--- Provided data ---

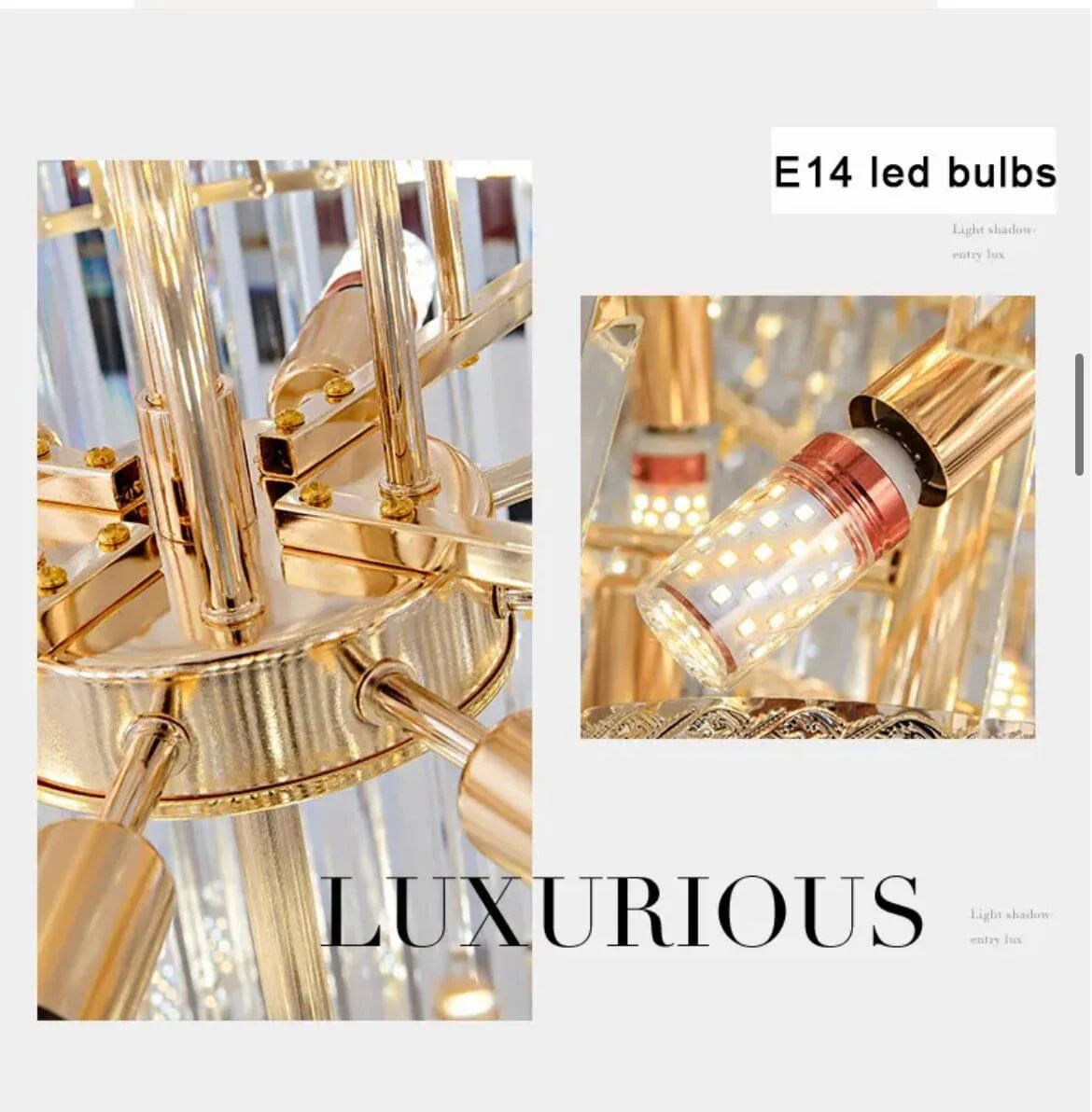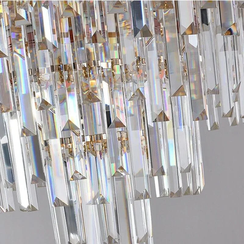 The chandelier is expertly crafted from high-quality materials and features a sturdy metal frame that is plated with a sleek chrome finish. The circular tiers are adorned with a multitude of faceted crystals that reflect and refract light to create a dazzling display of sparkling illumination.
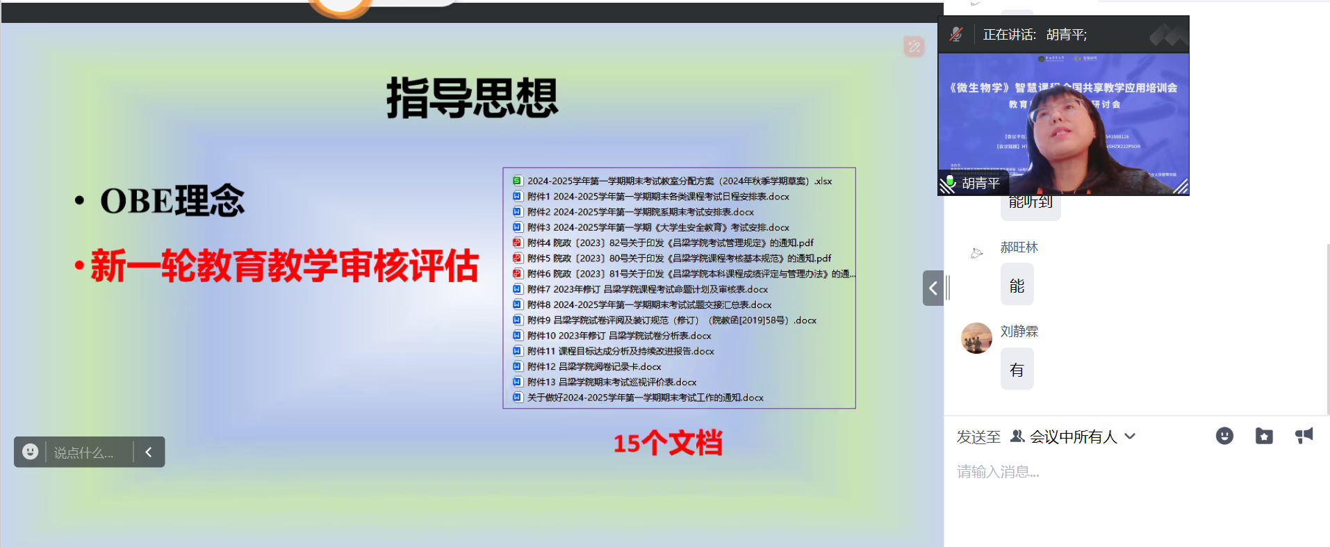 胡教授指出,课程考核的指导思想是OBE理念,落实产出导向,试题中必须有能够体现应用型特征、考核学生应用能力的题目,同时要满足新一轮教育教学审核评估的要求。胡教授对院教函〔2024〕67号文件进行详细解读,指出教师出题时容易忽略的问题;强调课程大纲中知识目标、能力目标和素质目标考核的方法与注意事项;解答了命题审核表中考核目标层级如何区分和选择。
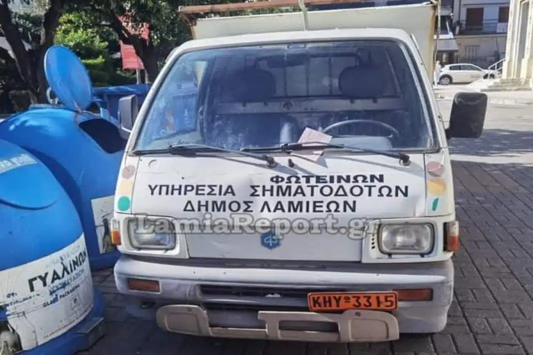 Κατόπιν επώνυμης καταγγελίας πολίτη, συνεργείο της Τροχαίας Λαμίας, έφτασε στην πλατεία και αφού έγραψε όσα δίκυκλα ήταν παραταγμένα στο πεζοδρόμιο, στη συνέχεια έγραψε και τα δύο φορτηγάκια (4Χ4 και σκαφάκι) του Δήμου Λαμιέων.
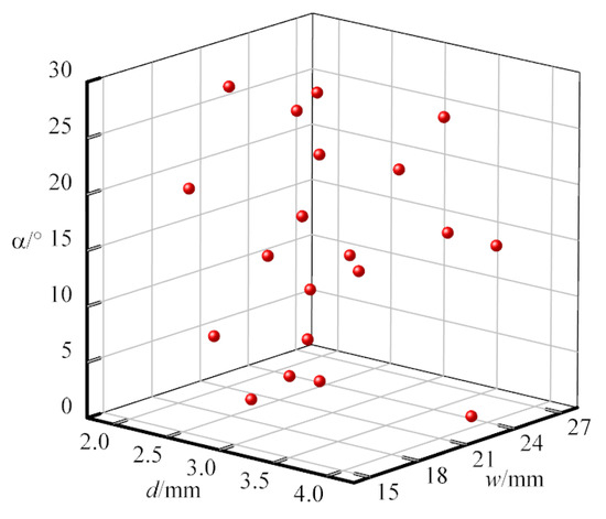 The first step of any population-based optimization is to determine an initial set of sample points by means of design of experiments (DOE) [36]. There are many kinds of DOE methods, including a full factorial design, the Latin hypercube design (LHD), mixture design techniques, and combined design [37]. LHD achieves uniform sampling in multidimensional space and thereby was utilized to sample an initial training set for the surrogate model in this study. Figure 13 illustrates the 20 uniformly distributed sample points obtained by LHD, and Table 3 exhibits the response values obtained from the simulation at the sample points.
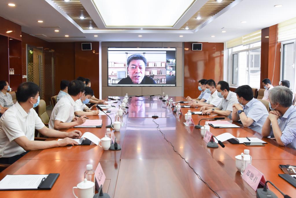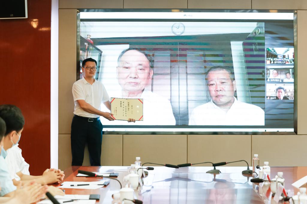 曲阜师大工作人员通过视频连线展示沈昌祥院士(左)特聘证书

---

Quote the records above exactly, from the first line through the line containing "胡教授指出,课程考核的指导思", and leave out the pictures.

* **Answer for this exercise**
 The chandelier is expertly crafted from high-quality materials and features a sturdy metal frame that is plated with a sleek chrome finish. The circular tiers are adorned with a multitude of faceted crystals that reflect and refract light to create a dazzling display of sparkling illumination.
 胡教授指出,课程考核的指导思想是OBE理念,落实产出导向,试题中必须有能够体现应用型特征、考核学生应用能力的题目,同时要满足新一轮教育教学审核评估的要求。胡教授对院教函〔2024〕67号文件进行详细解读,指出教师出题时容易忽略的问题;强调课程大纲中知识目标、能力目标和素质目标考核的方法与注意事项;解答了命题审核表中考核目标层级如何区分和选择。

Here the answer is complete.